I think the bigger model that we go with is — you’re running a successful community bank, your choice for growth is maybe buy a branch from your neighbor, or buy a bank next door in a town adjacent. And our model is to stand up a new part of the bank.
The upside of that is, most of the banks we talked to make one to two, maybe three million dollars a year in total income. A successful FinTech program can generate that much money by itself. So if they get two or three fintechs on their bank, they’re going to double or triple the size of the bank without creating any stress on the existing bank operations.
Is there anyone else attempting to do this? What sets you all apart?
I really think when it comes to our model, it’s the alignment.
So the matchmaking happens based on price, first and foremost. So take an example of a ledger in traditional fintech banking, ledger equals cost for the bank, because fintechs user starts up, they get on boarded by the provider, like a treasury prime, whatever, and that adds a user to the core banking system of the community bank.
And most folks charge $1 a month per user just to have an account on the system. So the banks pass that on to the fintechs and the fintechs say, ‘Well, that sucks. Why do I have to pay $1?’ But it’s the cost of doing business. In our model, we built a ledger from scratch, and we give it to the vendor, we give it to the banks for free.

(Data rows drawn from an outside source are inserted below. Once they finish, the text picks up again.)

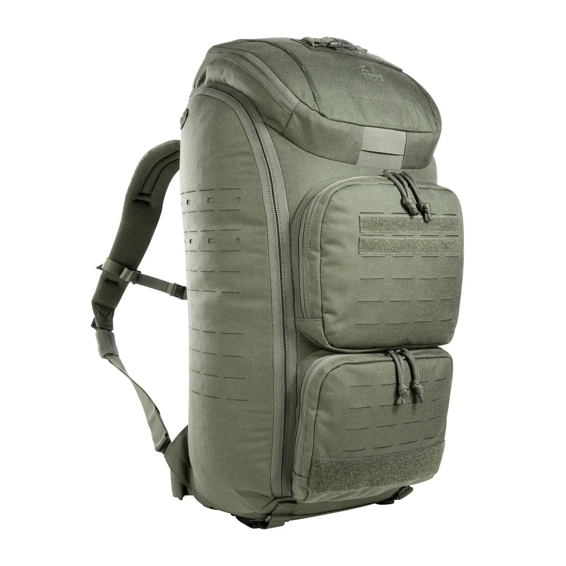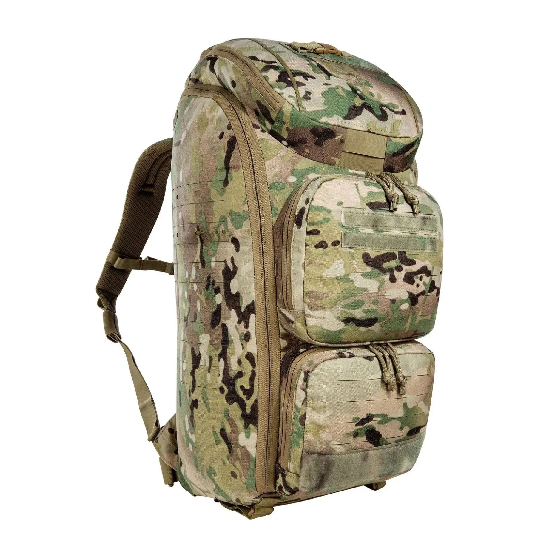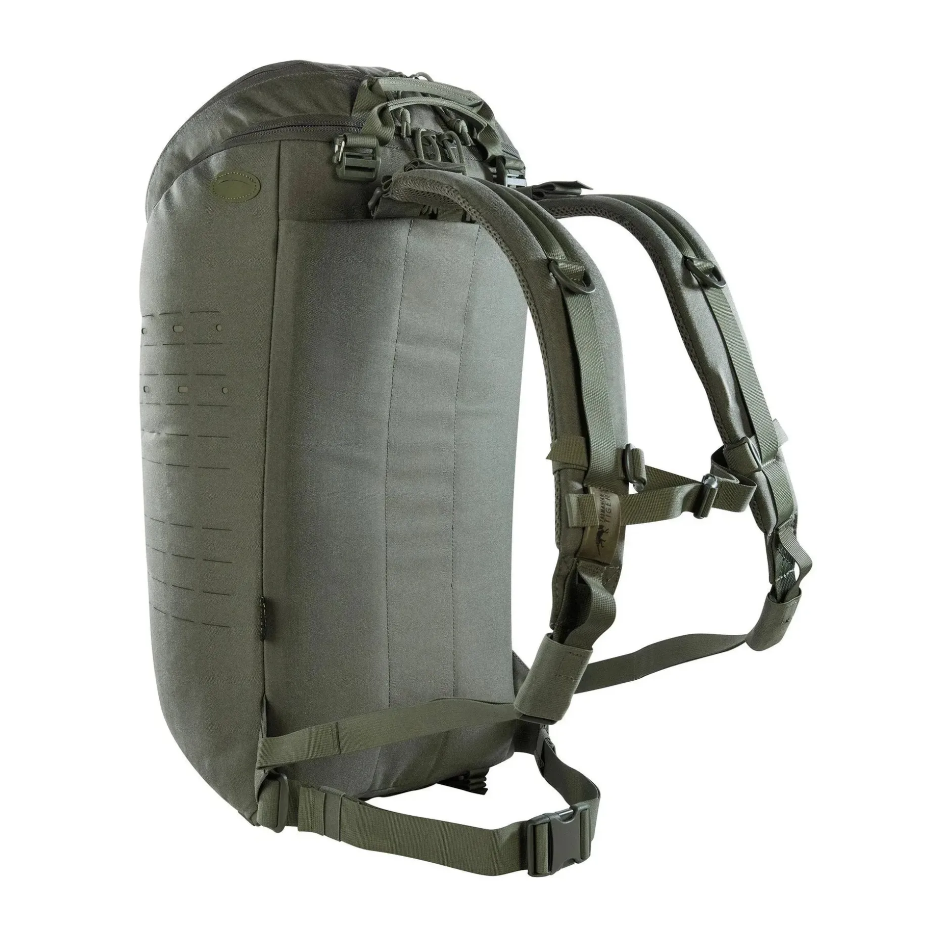 Der abnehmbare Hüftgurt sorgt für zusätzliche Stabilität beim Tragen, und die mitgelieferten Adapterbänder ermöglichen das Einschlaufen des Rucksacks an Schutzwesten. Für noch mehr Anpassungsfähigkeit sorgt das Lasercut-MOLLE-System auf Front und Seiten, das Dir erlaubt, weiteres Zubehör anzubringen. Der große Henkelgriff ermöglicht das Tragen in geöffnetem Zustand, ideal für schnellen Zugriff.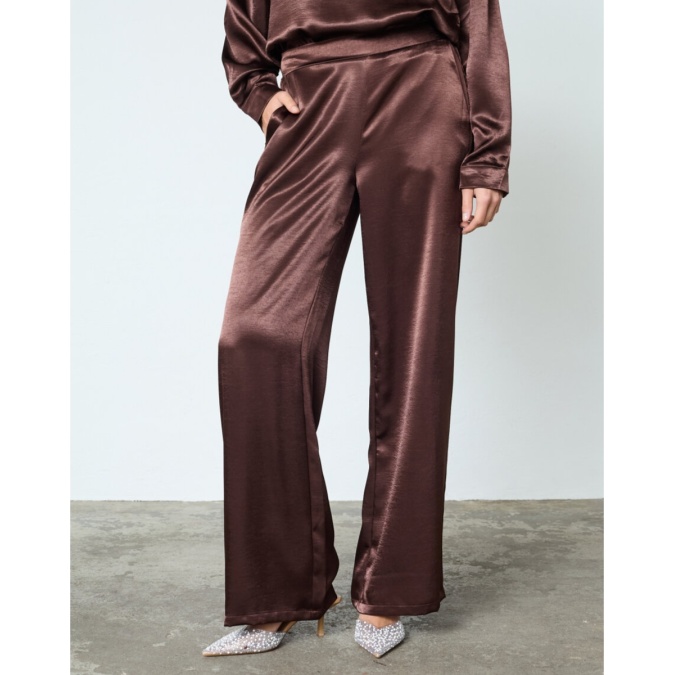Satenbukse med lommer i siden og strikk bak i ryggen.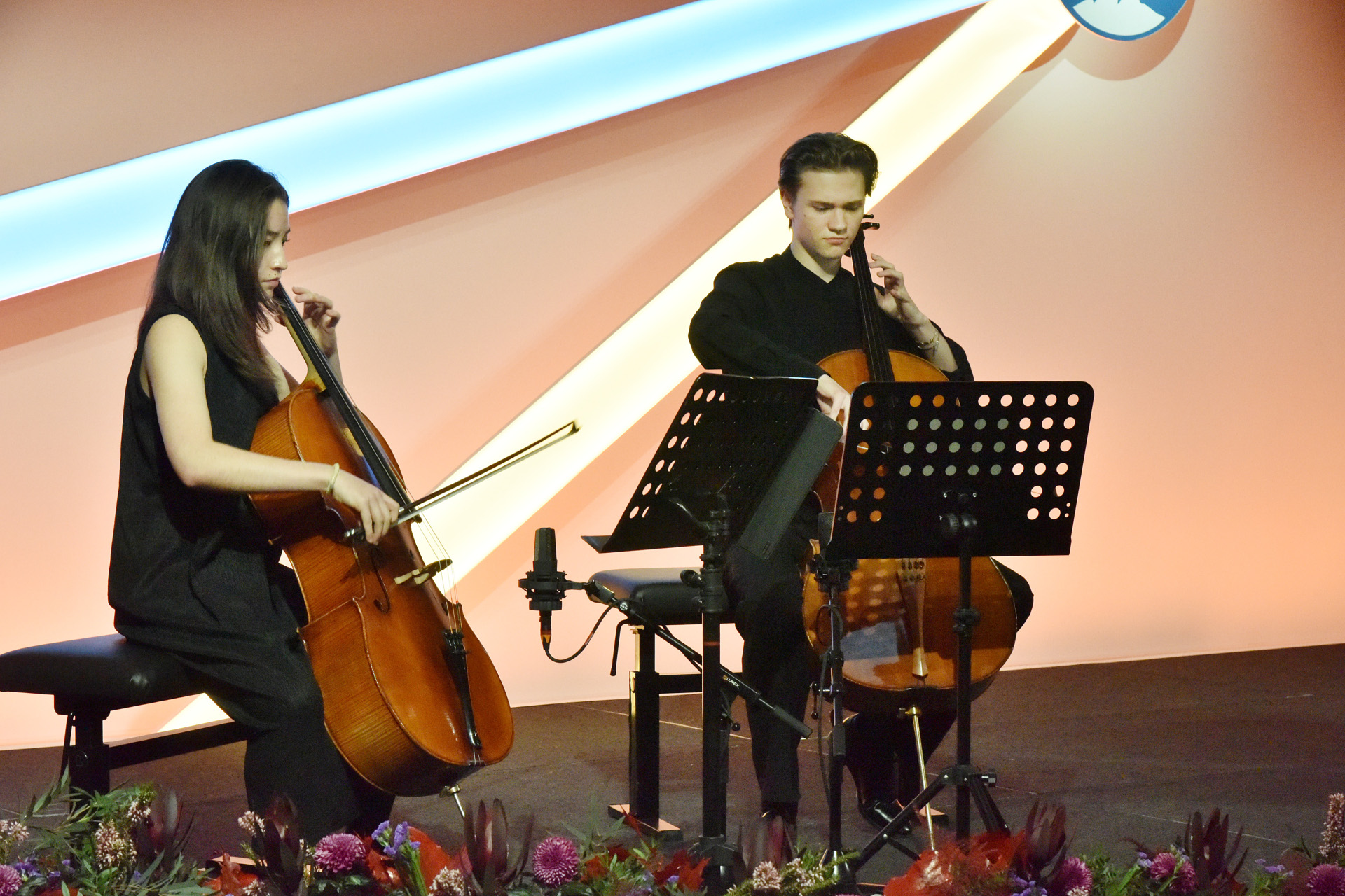 The four-course menu for this year's coronation banquet once again came from the kitchen of Dorn Catering & Events. A classic menu with meat and fish was served, as well as a vegetarian menu. As always, the coronation wine came from the Pro-Idee wine cellar. However, the coronation banquet is not only known for its culinary delights in an extraordinary ambience, but also for its first-class entertainment program. As usual, it was performed at the very highest level by prizewinners of the German Foundation for Musical Life - this year by Clara Yuna Friedensburg and Arne Zeller (both violoncello), who performed works by Joseph Haydn, Julius Klengel and Jean-Baptiste Barrière.

We then tell the banks, you should price it between .75 cents and $1. Because that’s what the fintechs are used to paying. And our business model with the banks across everything that we do is a 50/50 net revenue share. So since there’s no cost, we’re sharing .75 cents to $1 for 50/50. So instead of the bank previously spending $1 per fintech per month per user, now they’re making .50 cents. So we’re inverting the economics in many ways.
How many community banking partnerships do you have today?
We have four today that we’ve done in the last three to six months. And then there will be ten or so more, which should be 15 to 20 by the end of the year.
The Federal Reserve just announced a list of what you need to look for in fintechs if you’re going to partner with them and there’s a bunch of regulations. Are you taking on all that burden when you’re evaluating within tech?
So my team’s job when they’re doing the matchmaking is first saying ‘we need all of this information about you.’ So that when we pitch you to the banks, they understand we’ve done some legwork and ultimately, the banks have to take the responsibility but we serve it up on the planning side.
We’ve looked at different financial background checks for people working there, all of that fun work, we’ve tested that they have had an audit done or not. And then, because we want to make it easier on the banks, what we basically come up with is a rating of A, B and C on risk level — A being little to no risk.
So let’s use Shopify as an example and they partner with a small community bank. But the transaction volumes are small and everything is sort of seed stage. Are you working with that bank to help scale up with them or are you saying maybe at this tier you want to partner with this other sort of bank?
There are practical limits. Some of the bank’s balance sheets won’t allow them to take really big deals. So that’s like, that’s just fundamental. We’re definitely coaching the banks on how to do this and what to do, operationally and functionally.
But we are standing up our own KYC team, a fraud team and AML team, not because we have the obligation to do it, but we’re recognizing there’s a bunch of fintechs that don’t know what to do. And so we do it for them at the start and help them and then show them, okay, you need to worry about these things. Likewise, on the bank side.
We’re helping them get started and and understand what risks they are taking. Because it’s not risk free, right, there is some risk. We’re coaching them on how to do it as effectively as possible. And over time, we’ll get better.